Guiné-Bissau: Grupo de cidadãos pede reabertura do processo do assassinato de “Nino” Vieira

“Nino” Vieira

Um grupo de cidadãos guineenses assinala em Bissau esta sexta-feira, 02 de março, a data do assassinato em 2009 do ex-Presidente da República, João Bernardo Vieira “Nino”, perpetrado por militares na residência do então Chefe de Estado.

Um crime que foi arquivado pelo Ministério Público e que para  estes cidadãos é incompreensível a decisão assumida pelo Ministério.

Justino Sá, um dos guineenses integrado no grupo dos cidadãos que exigem a justiça relativamente a morte do ex-Presidente disse: “Um Presidente foi morto na sua residência, e até agora não se é capaz de descobrir que o matou e acima de tudo vêm dizer que não têm elementos para dar continuidade ao processo e este é arquivado? É inconcebível”.

Os familiares e amigos de “Nino” Vieira querem também que justiça seja feita sobre o assassinato do então Chefe de Estado-maior General das Forças Armadas, Tagme Na Waie, eliminado horas antes do antigo Presidente.

Por outro lado, estes cidadãos questionam a passividade da CEDEAO sobre o processo de investigação judicial e consequente responsabilização dos culpados por parte das autoridades nacionais. “Ele lutou pela afirmação da CEDEAO. Não é concebível que os países que fazem parte desta organização ficarem indiferentes sobre o que se está a passar com o processo da morte de Nino Viera.

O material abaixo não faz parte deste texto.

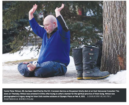 瑞陶尔2011年2月在卡加利奧林匹克广场习练法轮功的照片(Postmedia网站)。
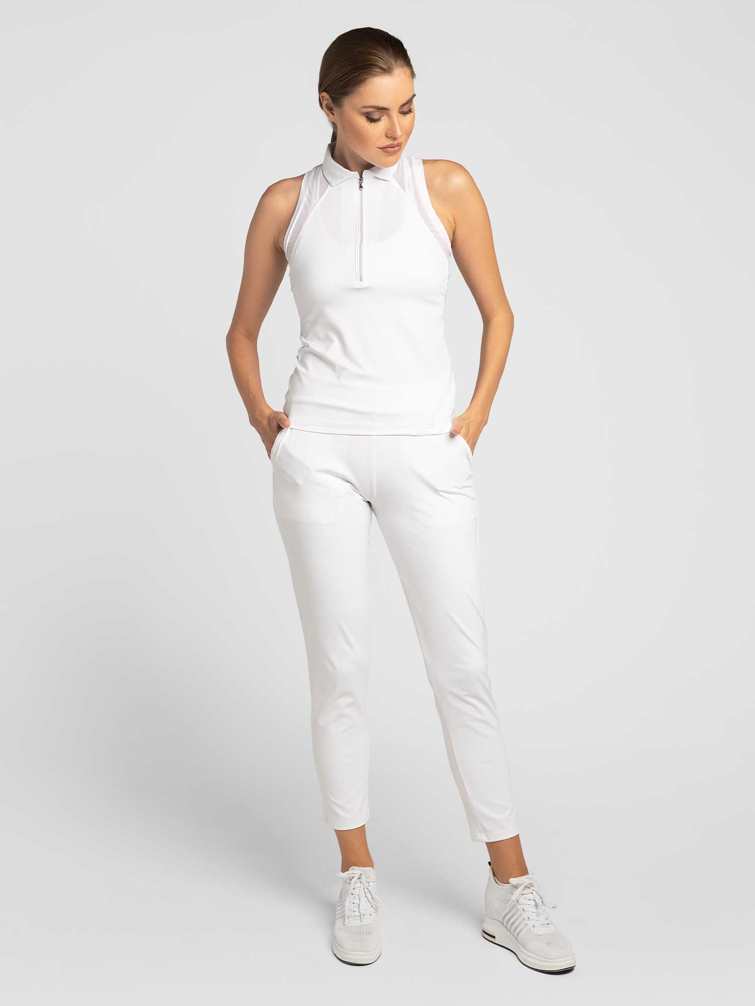Fitted Women's Golf Pants - made from durable water repellent, moisture management technical fabric that keeps you comfortable and stylish. This modern update to the classic pants comes in 28" inseam that's not too long or too short for most golfers. It features 2 front pockets and a back zip pocket that keeps more than your scorecard, glove and phone secured. We paired this with our Pique Neisha Polo Tank for the ultimate country club style!
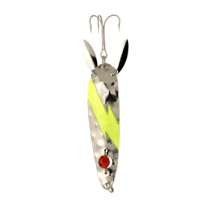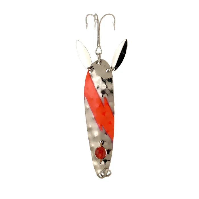 Laiton martelé / Queues de flipper actives / Œil à facettes rouges / Plein d'action pour attirer le saumon, la truite et le brochet
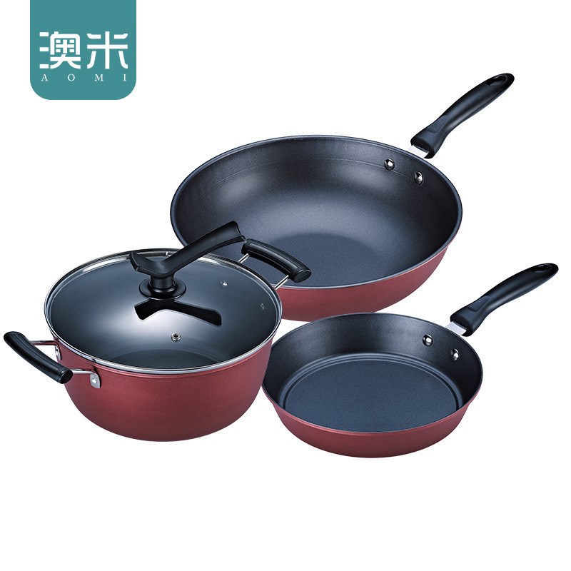 中国红三件套锅 炫彩不粘锅礼品套装汤锅炒锅平底锅厨房多用能锅
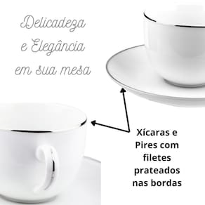 Esse conjunto conta com um design charmoso e elegante, com filetes prateados que agregam um toque de sofisticação à sua mesa. Ele é composto por 6 pratos rasos de 26,5cm, 6 pratos fundos de 20,5cm, 6 pratos para sobremesa de 19cm, 6 xícaras de café de 90ml com 6 pires e 6 xícaras de chá de 220ml com 6 pires.

Há necessidade desses países intervierem junto das nossas autoridades para pedirem o esclarecimento sobre este processo”, concluiu Justino Sá.

Uma fonte judicial disse a e-Global que “a decisão do Ministério Público, deve estar ligado ao Acórdão do Supremo Tribunal de Justiça, segundo o qual, todos os processos judiciais que ultrapassem seis meses de investigação teriam que ser arquivados”.